Мы подружились, хотя у нас нет ничего общего. Почти. Она забирает меня из дома на своей машине, мы обнимаемся и едем, обсуждая новинки кино, рецепты пирогов и интернет-мемы. Заезжаем по пути в «Детский мир» и покупаем памперсы — каждая по большой упаковке. Выгружаемся у стоящего особняком кирпичного здания за забором без опознавательных знаков, кроме неприметной таблички на калитке. Отмечаемся в журнале у охранника, надеваем одноразовые халаты и маски (из-за карантина по гриппу) и поднимаемся на второй этаж. Там — уютная комнатка «для свиданий»: два дивана, детские прогулочные коляски, игрушки. И большой плакат с нарисованным домиком, надписью «Кто в теремочке живет?» и фотографиями малышей возрастом от полугода до четырех лет. Очень милых. Неизлечимо больных. Двое из них — наши.

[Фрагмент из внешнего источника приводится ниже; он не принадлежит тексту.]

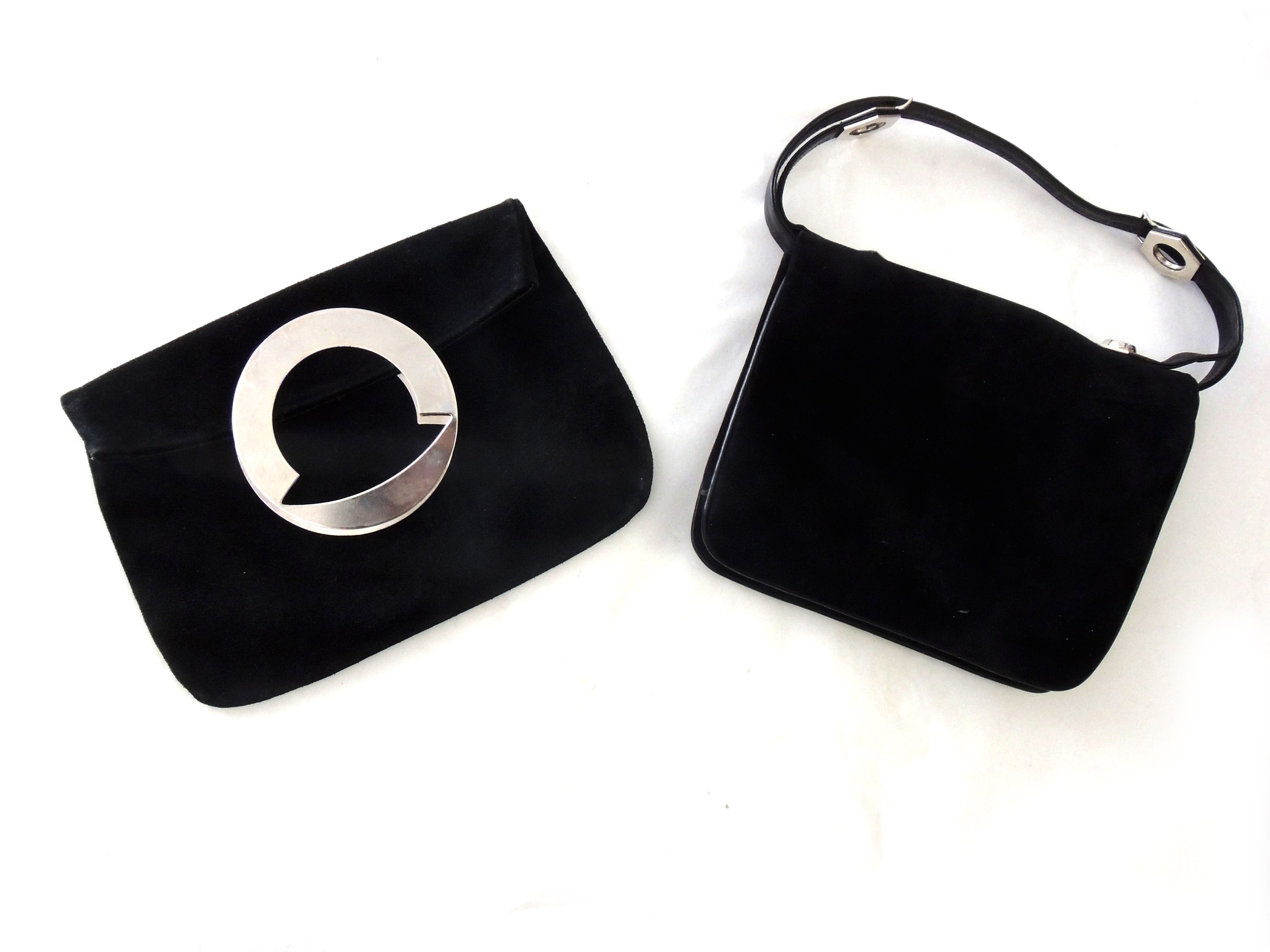 Anni Settanta composto da due borse in camoscio, una in vernice a busta con manici dorati, Beltrami, ed un'altra in pelle nera, difetti (4)
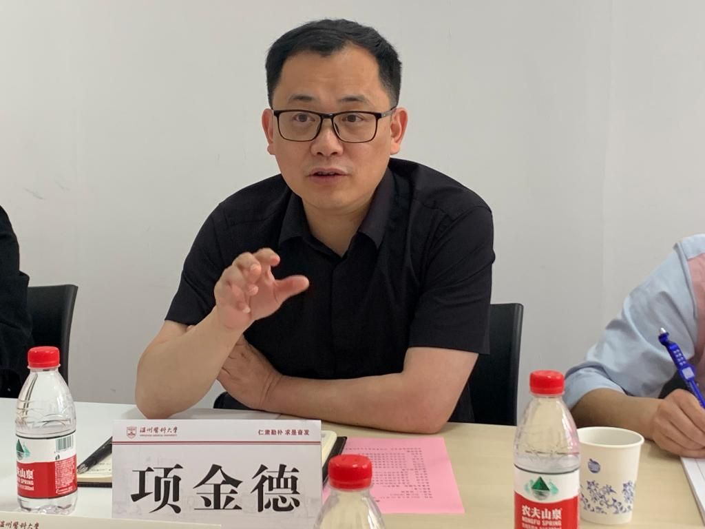 5月10日下午,永嘉县卫健局副局长谢旦立、卫健局党委委员项金德、疾控中心书记金前哨、卫健局组织人事科徐文 强、疾控中心办公室潘聪来好色视频 开展本科教学实习基地建设交流活动。公共卫生与管理学院院长刘晓冬、副院长刘佳明、预防医学系主任毛广运、管理系教研室主任张美丽、教学办王琼和肖丽彬参加会议。会议由刘佳明主持。

Нянечки (вернее, медсестры) приносят мне моего сына, и я два часа сижу с ним на руках, глажу его, перебираю скрюченные из-за церебрального паралича пальчики и пою песни, хотя он их не слышит. Каждые полчаса его забирают, чтобы санировать — убрать страшно хлюпающую в его трахеостоме слюну. Подруга проходит дальше -ее сына никуда вынести нельзя, потому что он уже несколько месяцев на аппарате искусственной вентиляции легких. Она принесла ему красивый фольгированный воздушный шар с надписью «С днем рождения!», несмотря на то, что увидеть подарок он не может. Когда время посещений заканчивается, мы оставляем своих детей на попечение медицинского персонала, записываем, что нужно привезти к следующему свиданию (пора менять гастростомическую трубку, а еще эпилептолог выписал новое противосудорожное) и разъезжаемся по домам.

Знаете, есть такой режиссерский ход — когда фильм начинается с какой-то странной экшен-сцены, вдруг картинка замирает и закадровый голос главного героя говорит: как я дошел до такой жизни, спросите вы? Вот и я иногда так замираю и спрашиваю сама себя. Как и большинство людей, я раньше ничего не знала о психоневрологических детских домах и интернатах. Только с содроганием представляла, как это бывает: асоциальная мать-алкоголичка по беременности нигде не наблюдается, рожает ненужного ей ребенка и оставляет на улице, его находят и определяют в ПНИ, потому что, конечно, здоровым в таких обстоятельствах родиться непросто. Да, очень грустно, но в моем мире — мире интеллигентных людей с высшим образованием и хорошим достатком, ведущих здоровый образ жизни и готовящихся к рождению детей со всей возможной ответственностью — такого не происходит. И сама я как героиня Булычева — девочка, с которой ничего не случится. Однако бывает так, что твой мир переворачивается с ног на голову, и в нем появляются реанимации, хосписы, ПНИ, тяжелобольные дети и их родители -каждый со своей историей.

У Саши — «генетика», причем не какая-то выявляемая на УЗИ патология вроде синдрома Дауна, а неизвестная науке поломка, которую до сих пор не могут найти. У Тани — глубокая недоношенность, массивный инсульт на третьи сутки жизни. Миша родился с нулем баллов по шкале Апгар (то есть мертвым) из-за врачебной ошибки, его смогли реанимировать, но мозг оказался необратимо поврежден. У нас с сыном история похожая, только вины врачей в ней нет, сколько я ее ни искала. Говорят — просто так бывает, просто вам не повезло. То, что рождение ребенка — это лотерея, я тоже раньше не знала. Причем она не беспроигрышная.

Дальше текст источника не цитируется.